Main outcomes on ‘Finance Day’
When it comes to public finance, world leaders from developed countries repeated their pledge to reach the $100 billion annual climate finance goal. Progress to date has however been slower than initially promised, with developed countries only expected to meet the goal by 2023 instead of 2020. The EU, the US, the UK, Germany, and France also announced a new Just Energy Transition Partnership under which it raises – via loans with investment institutions like the World Bank – $8.5 billion in funding to support the phase out of coal in South Africa, which relies on coal for 90% of its energy generation.
On private finance, the launch of the ambitious Glasgow Financial Alliance for Net Zero (GFANZ) brings together private financial institutions around the world to mobilise around $130 trillion in financial assets to make the energy transition a reality. Despite some scepticism from environmentalists, the closer cooperation of financial institutions and company executives in the fight against climate change is something that was far less developed several years ago. The new EU-Catalyst partnership between the European Commission, the European Investment Bank and Bill Gates’ Breakthrough Energy Catalyst, which seeks to mobilise $1 billion between 2022 and 2026 to speed up the development of innovative technologies, appears to further showcase and cement EU leadership.

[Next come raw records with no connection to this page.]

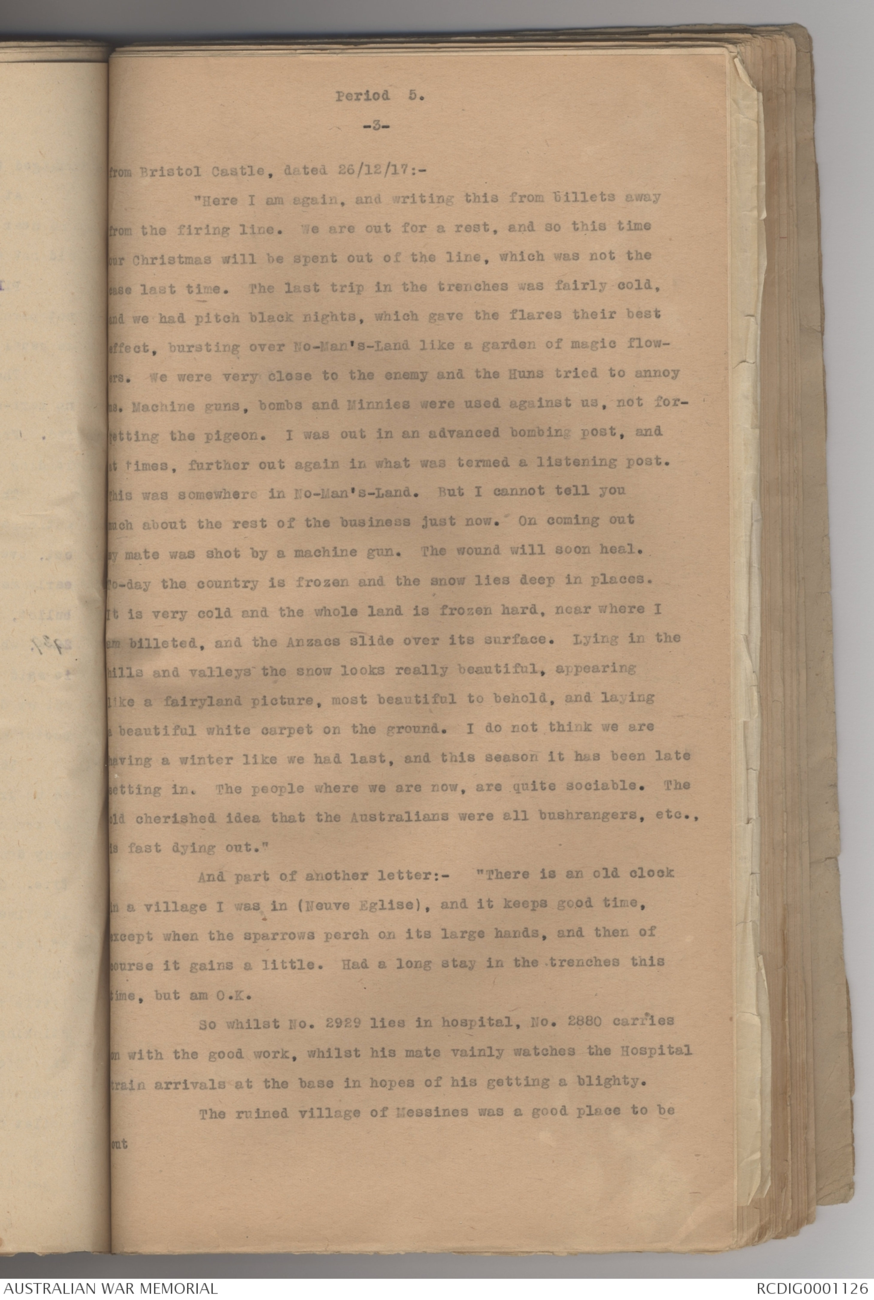 of his mate being shot. Not far from the Castle was the Y.M.C.A.
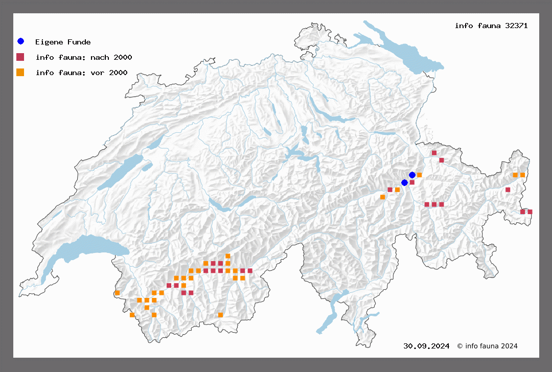Diese schöne Art ist im Kanton Graubünden, im Wallis und Jura melirfach, aber stets als seltenes Tier erbeutet worden. Flugzeit in einer Generation von Ende Juni bis im September. Aus im Mai bei St. Blaise gefundener Raupe erhielt ich einen Falter im VIII. 1910; Sulzer fing ihn bei Zermatt (1620 m) noch am 12. IX. 1910. Mt. Ravoire, Martigny, Branson (Favre), Tarasp, Nairs (Kill.), Chur (Cafl.), Ilanz (Caveng), Oftringen, Aarburg (W.), Bechburg (R.-St.).
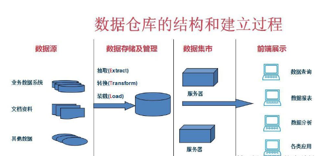 从上图可以看出,数据仓库的基本架构主要包含的是数据的流入和流程过程,可以分为三大部分——数据源、数据仓库(包括数据存储及管理和数据集市)以及数据应用(前端展示)。数据仓库的数据来自于不同的数据源,并提供多样的数据应用,数据自左向右流入数据仓库后向上层应用程序开放应用,而数据仓库只是中间集成化数据管理的一个平台。数据仓库从各数据源获取数据及在数据仓库内的转换和流动,都可以认为是ETL(抽取Extra,转化Transfer,装载Load)过程,ETL是数据仓库的流水线,也可以认为是数据仓库的血液,它维系着数据仓库中数据的新陈代谢,而数据仓库日常管理和维护工作的大部分精力就是保持ETL的正常运作和稳定。
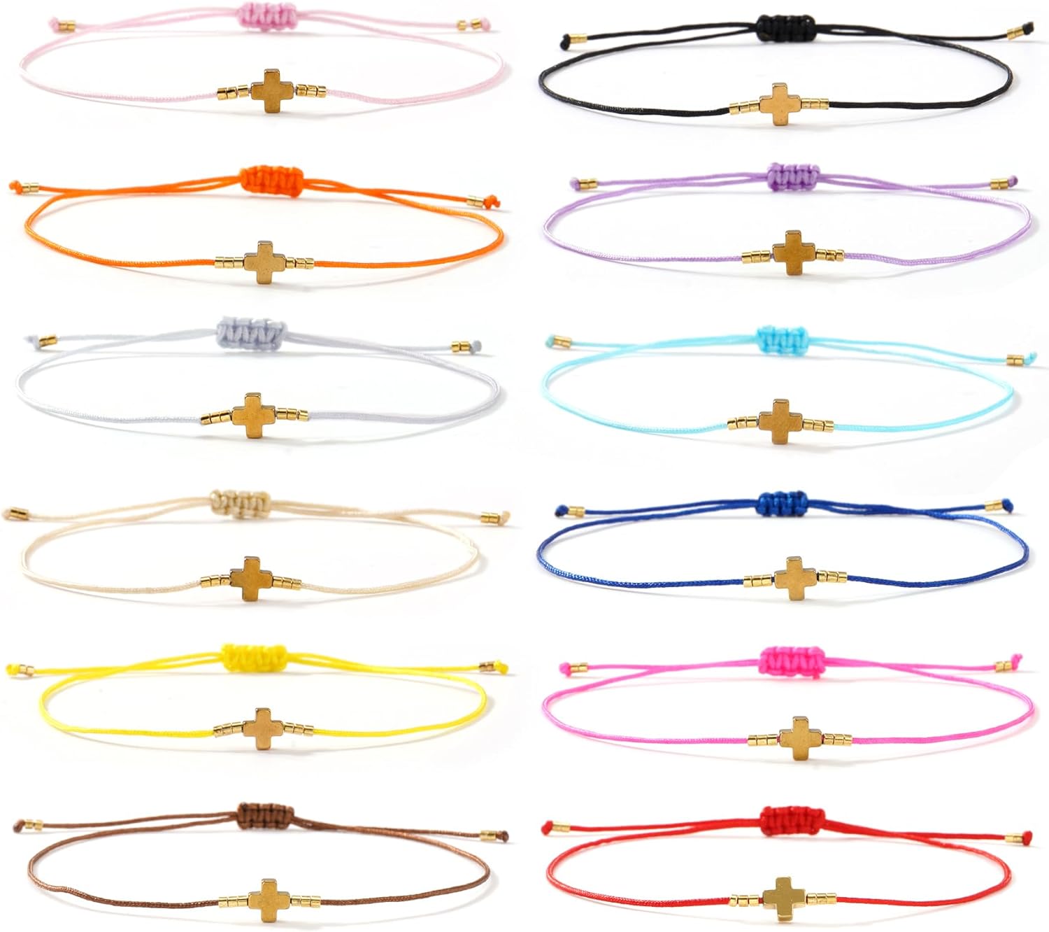 12PCS Gold Cross Bracelets for Women Handmade Beaded Colorful Adjustable String Stackable Friendship Wish Bulk Cross Bracelet Stack Rope Christian Jewelry Religious Baptism BFF Lucky Gift
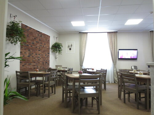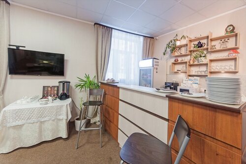 Рядом с моим номером была кухня, совмещенная со столовой. Там можно положить свою еду в холодильник, взять посуду, разогреть еду в микроволновках. Стоит термопот с кипятком, в любое время суток можно выпить чаю и кофе, посидеть за столом и поесть. В отеле предлагают заранее заказать недорогой завтрак, я не пользовалась, ходила есть в пекарню и раменную поблизости, там вкусно.

Finally, Wednesday’s announcement of the International Sustainability Standards Board (ISSB) brings enhanced accountability through global sustainability reporting one step closer. UK Chancellor Rishi Sunak followed up by announcing the UK financial sector should present plans towards carbon neutrality with the goal “to rewire the entire global financial system for Net Zero”. These plans would be assessed with the aim of finding a sector-wide “gold standard”.
The EU’s take
European Commissioner for Financial Services Mairead McGuinness reacted positively to the progress made on Finance Day, emphasising that the EU seeks to use its leadership in sustainable finance and sustainability reporting aims to inspire global action in this space. McGuinness stressed that COP26 should be used to lay out a roadmap, with the period that follows being crucial to ensure delivery for partners around the world. McGuinness stated that “double materiality is the future” and a holistic approach is needed for companies to assess their impact on the environment and mitigate it.

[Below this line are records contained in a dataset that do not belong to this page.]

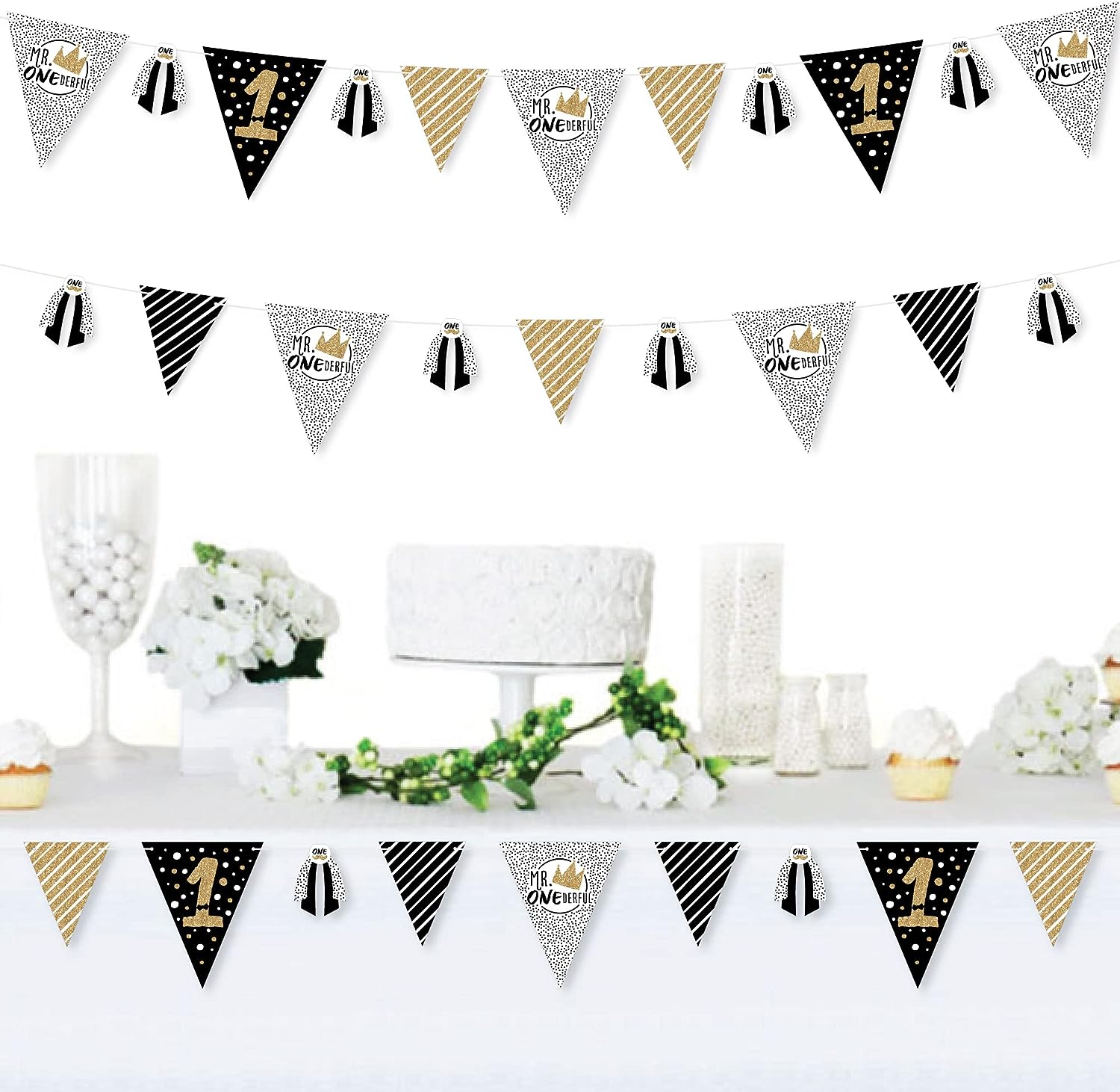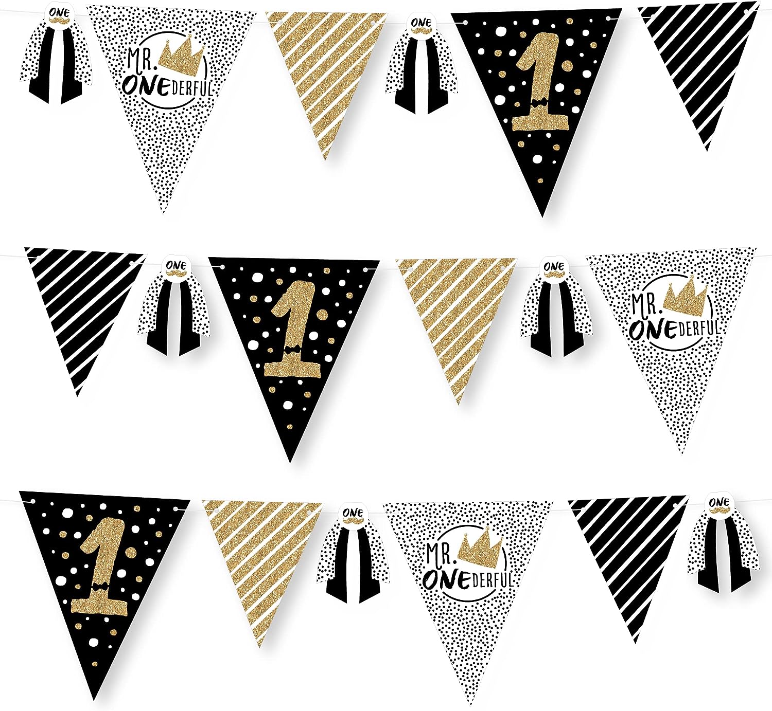 • 1st Birthday Little Mr. Onederful Triangle Banner includes a set of 20 paper triangle flags, 10 paper tassel shapes, satin cording, and adhesive stickers. Make a fun garland banner that will look amazing at your boy first birthday party.
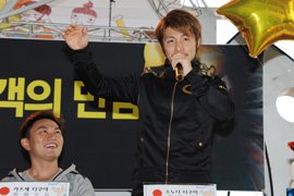 ![]() 決めポーズをしてくれたキム・ミンチョル。 「韓国の男前!」とは本人談 |
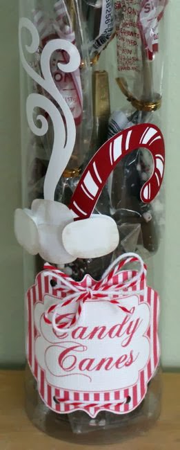 I am so tickled with how this came out.  This is for a dear friend who is getting a hot chocolate set as part of her gift for Christmas.  Silhouette empty tube from stencil vinyl and etching tape Cut files: candy cane cupcake wrapper 51711 Tag 13434

The EU has already set out an ambitious sustainable finance framework, comprising both the EU Taxonomy, which includes definitions of sustainable investments and specifications of reporting obligations, and a proposal for European Green Bonds to put an end to a variety of different standards companies can pick from. When it comes to reporting, the EU’s proposal for a Corporate Sustainability Reporting Directive will oblige approximately 50,000 companies in the EU to report on their sustainability impacts, and a planned proposal for Sustainable Corporate Governance is going to further elaborate due diligence and corporate strategy requirements.

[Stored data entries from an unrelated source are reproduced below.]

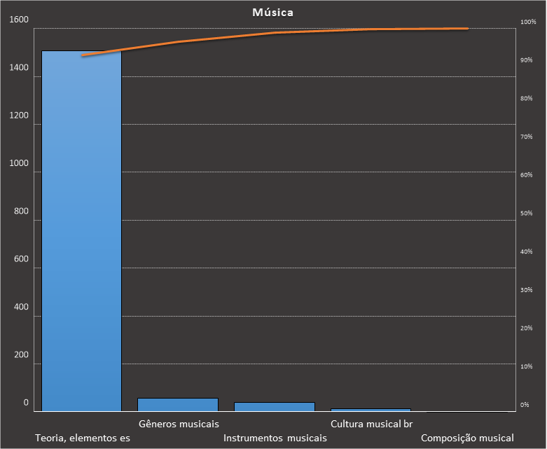Em Música, nos baseamos neste caderno, contendo 1.617 questões. Usamos como filtro questões de concursos para as forças armadas. Veja como ficou a distribuição.
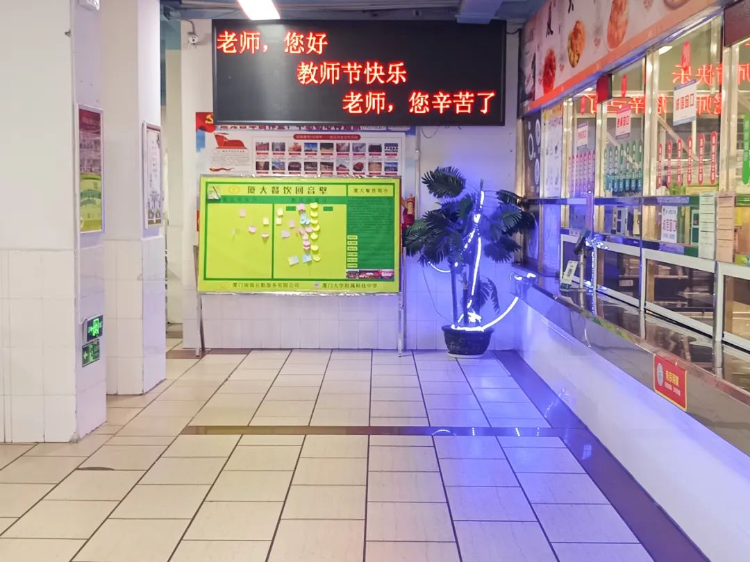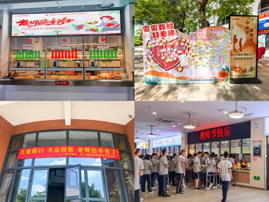 9月10日,适逢第40个教师节,厦门南强后勤服务有限公司的“厦大餐饮”人为弘扬尊师重教的传统,推动劳动教育、感恩教育,公司所服务的学校类餐厅积极营造节日氛围,通过不同形式的布置和互动,为老师们献上最诚挚的敬意与祝福,得到了广大教师职工的一致好评!
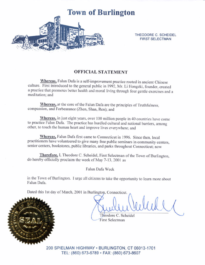 【明慧网2001年3月10日】康涅狄格州伯灵顿镇宣布2001年5月7日-13日为“法轮大法周”
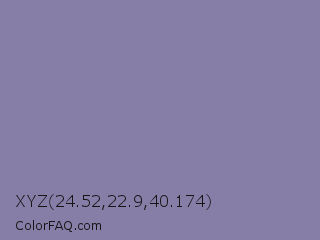 XYZ 24.52,22.9,40.174 Color is a normal indigo color and the nearest color is Manatee Crayola #8d90a1. Hex code #877ea8 and RGB value is rgb(135,126,168). In RGB color space, this color is composed of 53% red, 49% green, 66% blue, In CMYK color space, this color is composed of 20% cyan, 25% magenta, 0% yellow , 34% black , In HSL color space, this color has a hue angle of 253° , 19% saturation and 58% lightness.
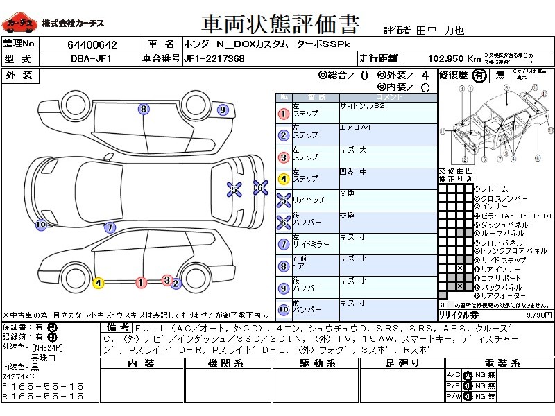| メーカー・車種 | ホンダ N BOXカスタム ターボSSPk (型式:DBA-JF1) | ||||||||||||||||||||||||||||||||||||||||
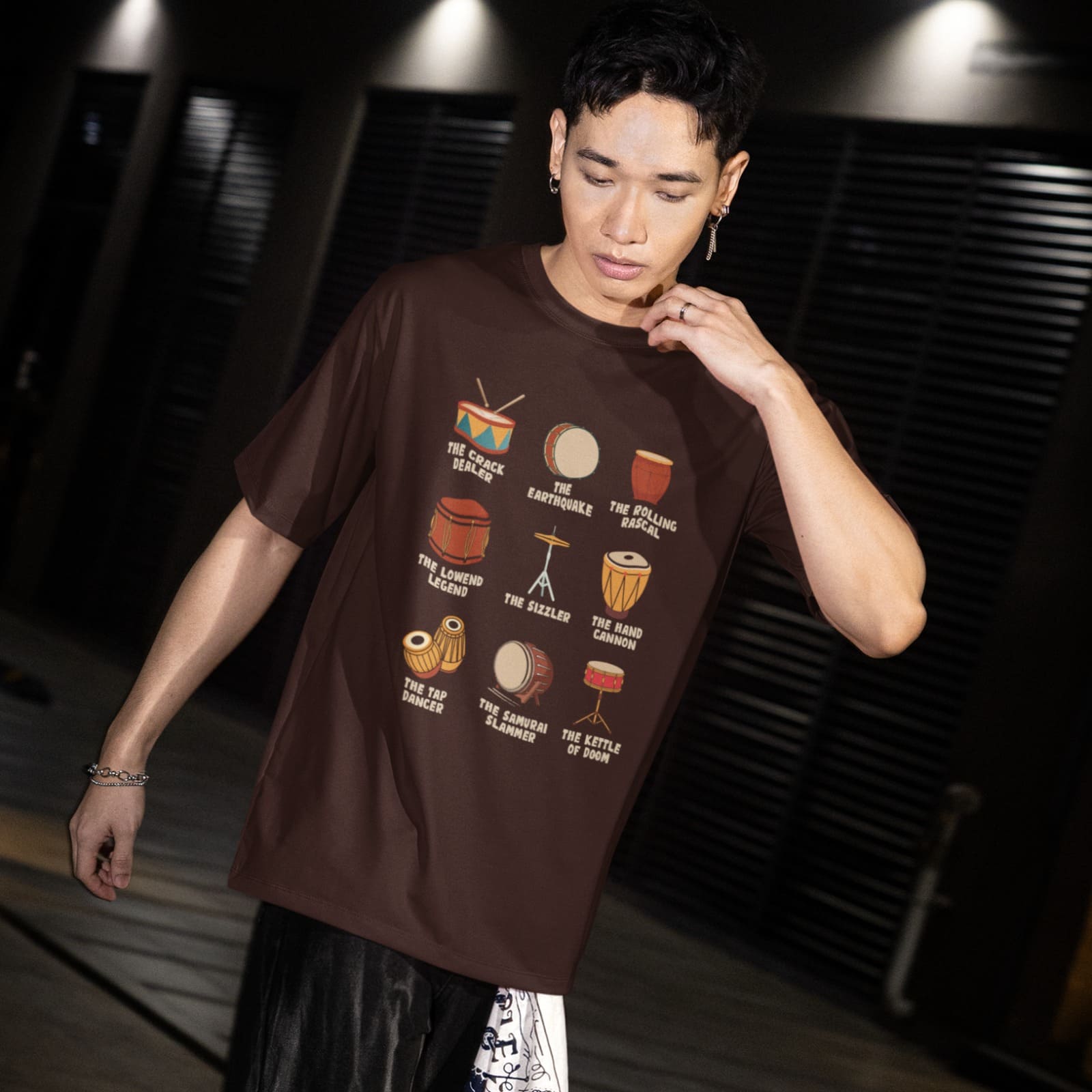 The ultimate shirt for the rhythm section! This hilarious design features a grid of different drums with funny, descriptive titles like "THE EARTHQUAKE" and "THE KETTLE OF DOOM." A perfect, unique gift for drummers, percussionists, band members, and anyone who appreciates a good music pun and retro graphic style.

To inspire other countries around the world to adopt their own taxonomies, the EU published a guiding Common Ground Taxonomy on COP26, part of the EU’s global sustainable finance efforts as part of the International Platform on Sustainable Finance. Finally, the EU announced in October that it would present a standardised approach to certifying carbon neutrality in the second half of 2022. While this is a cross-sector endeavour, the financial sector should keep a close eye on possible overlaps and divergences with the UK’s announced “gold standard”, as companies operating on both sides of the channel might be faced with two different pathways to carbon neutrality.